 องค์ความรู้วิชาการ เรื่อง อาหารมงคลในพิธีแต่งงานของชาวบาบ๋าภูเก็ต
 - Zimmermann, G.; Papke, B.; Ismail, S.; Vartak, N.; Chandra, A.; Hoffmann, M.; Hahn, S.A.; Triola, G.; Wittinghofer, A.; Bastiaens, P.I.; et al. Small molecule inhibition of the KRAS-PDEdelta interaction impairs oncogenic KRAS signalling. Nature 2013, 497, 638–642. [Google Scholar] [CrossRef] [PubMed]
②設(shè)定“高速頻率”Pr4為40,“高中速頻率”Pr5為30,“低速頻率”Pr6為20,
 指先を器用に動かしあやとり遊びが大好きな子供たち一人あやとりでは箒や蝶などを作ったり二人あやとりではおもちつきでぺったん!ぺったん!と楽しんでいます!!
========================
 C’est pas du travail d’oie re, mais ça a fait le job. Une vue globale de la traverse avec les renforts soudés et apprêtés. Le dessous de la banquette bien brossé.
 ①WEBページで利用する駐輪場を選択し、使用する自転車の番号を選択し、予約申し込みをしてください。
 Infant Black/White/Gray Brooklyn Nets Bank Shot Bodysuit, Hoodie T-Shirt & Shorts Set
========================
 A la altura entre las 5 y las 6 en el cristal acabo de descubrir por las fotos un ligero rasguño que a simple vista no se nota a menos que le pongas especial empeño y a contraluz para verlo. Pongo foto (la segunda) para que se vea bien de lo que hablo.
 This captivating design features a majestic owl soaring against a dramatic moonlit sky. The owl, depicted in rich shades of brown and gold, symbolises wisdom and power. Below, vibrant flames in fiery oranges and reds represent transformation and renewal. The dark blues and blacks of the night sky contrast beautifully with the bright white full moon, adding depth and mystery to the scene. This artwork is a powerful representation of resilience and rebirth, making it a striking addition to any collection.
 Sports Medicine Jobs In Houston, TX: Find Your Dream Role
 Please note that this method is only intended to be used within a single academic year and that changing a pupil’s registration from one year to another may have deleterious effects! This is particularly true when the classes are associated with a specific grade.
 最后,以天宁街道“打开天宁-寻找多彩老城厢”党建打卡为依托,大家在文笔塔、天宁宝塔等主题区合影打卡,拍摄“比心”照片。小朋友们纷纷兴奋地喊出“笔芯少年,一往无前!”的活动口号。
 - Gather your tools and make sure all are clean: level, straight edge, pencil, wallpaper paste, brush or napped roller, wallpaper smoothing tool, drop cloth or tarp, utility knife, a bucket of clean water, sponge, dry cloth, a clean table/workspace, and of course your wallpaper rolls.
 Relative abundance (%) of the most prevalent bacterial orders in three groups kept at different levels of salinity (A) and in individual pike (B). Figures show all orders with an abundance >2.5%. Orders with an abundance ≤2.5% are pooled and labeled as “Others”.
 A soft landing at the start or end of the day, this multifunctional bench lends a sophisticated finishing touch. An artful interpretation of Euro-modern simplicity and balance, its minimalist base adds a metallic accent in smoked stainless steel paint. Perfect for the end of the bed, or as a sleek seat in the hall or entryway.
========================
◆ WHAT THE TASK REQUIRES:
Return only the lines between the one holding "- Gather your" and the one holding "Relative abundance (%)", inclusive, exactly as they appear above.

◆ WORKED SOLUTION:
 - Gather your tools and make sure all are clean: level, straight edge, pencil, wallpaper paste, brush or napped roller, wallpaper smoothing tool, drop cloth or tarp, utility knife, a bucket of clean water, sponge, dry cloth, a clean table/workspace, and of course your wallpaper rolls.
 Relative abundance (%) of the most prevalent bacterial orders in three groups kept at different levels of salinity (A) and in individual pike (B). Figures show all orders with an abundance >2.5%. Orders with an abundance ≤2.5% are pooled and labeled as “Others”.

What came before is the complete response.